4.3 Haplotype Orientation and Consolidation Pipeline

4.3.1 Overview

This pipeline standardizes the orientation of phased haplotypes across all samples within a sequencing library by aligning them to a reference sequence and reverse-complementing sequences that align in the antisense orientation. The workflow consolidates all oriented haplotypes into a single multi-FASTA file for downstream analysis.

4.3.2 Pipeline Steps

4.3.2.1 Haplotype Orientation Standardization

The pipeline addresses the inherent directionality ambiguity in amplicon sequencing data. Since PCR amplification can produce products in both forward and reverse orientations, and assembly algorithms may reconstruct haplotypes in either direction, standardization against a reference sequence ensures consistent orientation for comparative analyses.

4.3.2.2 Input Parameters

The script requires two user inputs:

Library name: Identifier for the sequencing library being processed
Reference FASTA: Path to reference sequence file for orientation determination

read -p "Enter Library name: " Library
read -p "Enter reference FASTA: " REF_FASTA
REF_FASTA=$(realpath "$REF_FASTA")

4.3.2.3 Output File Initialization

Creates a consolidated output file for all oriented haplotypes:

FINAL_OUT="all_${Library}_Phased_haplotypes.fasta"
> "$FINAL_OUT"  # Initialize empty file

4.3.2.4 Barcode Directory Processing

Iterates through all barcode subdirectories within the specified library:

for BARCODE_DIR in "$Library"/barcode*/; do
    BARCODE=$(basename "$BARCODE_DIR")
    FULL_FASTA="${BARCODE_DIR}/${Library}_${BARCODE}_Phased_haplotypes.fasta"

Key features:

Automatic detection of barcode directories
Dynamic file path construction
Missing file handling with warning messages

4.3.2.5 File Validation

Implements robust error checking for missing input files:

if [[ ! -f "$FULL_FASTA" ]]; then
    echo "WARNING missing $FULL_FASTA"
    continue
fi

This ensures the pipeline continues processing even if individual samples failed in upstream steps.
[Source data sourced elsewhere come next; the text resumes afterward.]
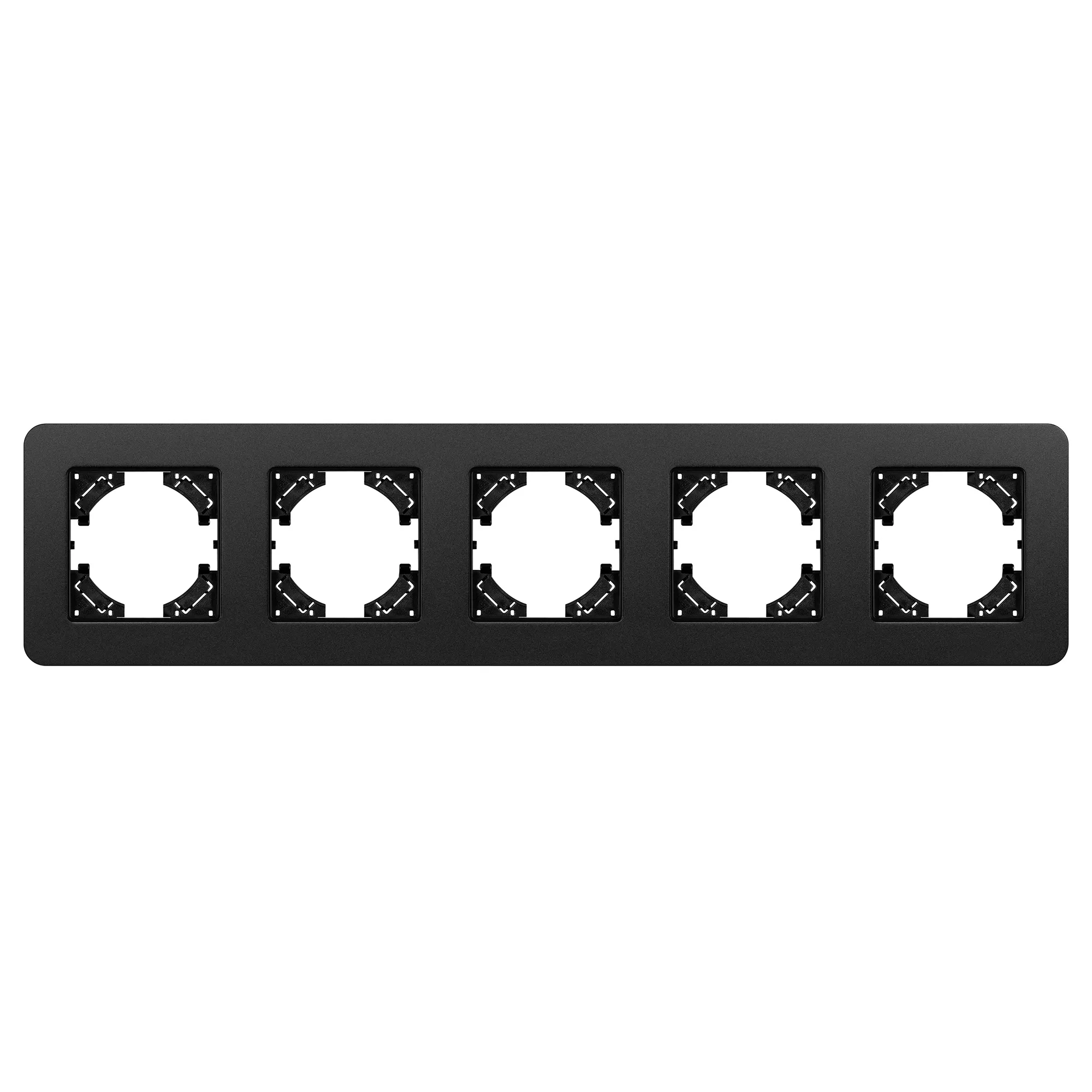 Рамка алюминиевая на 5 постов, под встраиваемый механизм. Цвет - черный с Soft-Touch покрытием. Среднего уровня герметичности IP20. Ориентация монтажа - горизонтальная (основным ориентиром служат посадочные выступы для накладки механизма).
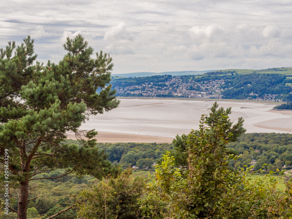 View from the top of Arnside Knot to the coastline at Arnside, Lancashire, UK
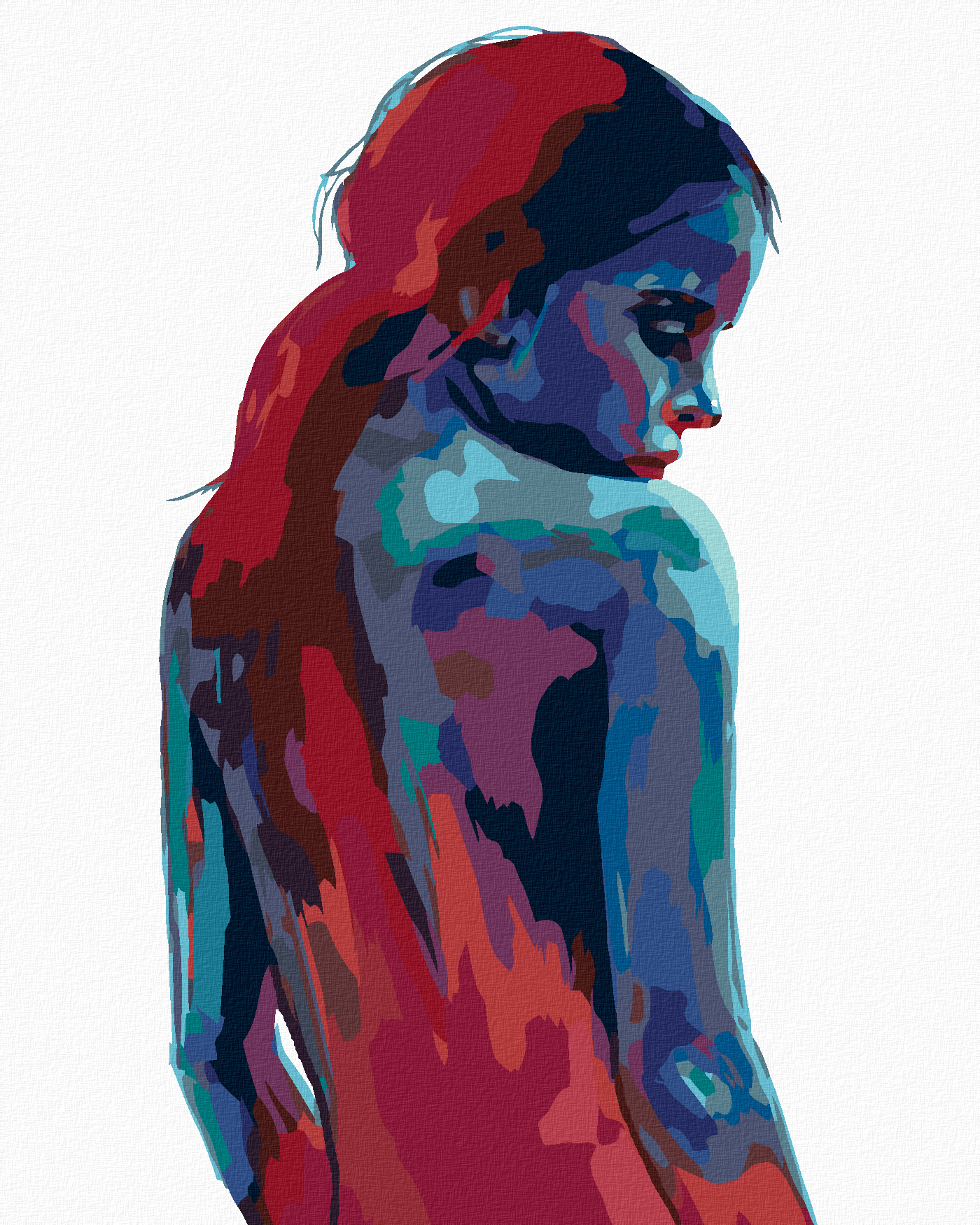 Рисуване по номера - ЖЕНА В НЮАНСИ НА СИНЬО И ЧЕРВЕНО

4.3.2.6 Reference Alignment

Uses minimap2 for sensitive alignment of haplotypes to the reference sequence:

minimap2 -a "$REF_FASTA" "$FILE" > hap_vs_ref.sam

Alignment parameters:

-a: Output in SAM format for downstream processing
Optimized for sequence similarity detection rather than read mapping

4.3.2.7 Reverse-Complement Detection

Identifies sequences aligned in antisense orientation using SAM flags:

samtools view -f 16 hap_vs_ref.sam \
| cut -f1 \
| sort -u \
> to_reverse.txt

SAM flag interpretation:

Flag 16: Sequence is reverse-complemented in alignment
Extracts sequence identifiers requiring orientation correction

4.3.2.8 Conditional Sequence Reversal

Implements conditional logic for sequence orientation correction:

if [[ -s to_reverse.txt ]]; then
    # Reverse-complement identified sequences
    seqkit grep -f to_reverse.txt "$FILE" \
    | seqkit seq -r -p \
    > reversed.fasta
    
    # Keep forward-oriented sequences unchanged
    seqkit grep -v -f to_reverse.txt "$FILE" \
    > forward.fasta
    
    # Combine oriented sequences
    cat forward.fasta reversed.fasta > "$ORIENTED"
else
    # No sequences require reversal
    cp "$FILE" "$ORIENTED"
fi

Seqkit parameters:

-r: Reverse-complement sequence
-p: Print sequence on single line
-f: Filter sequences by identifier list
-v: Invert selection (exclude listed sequences)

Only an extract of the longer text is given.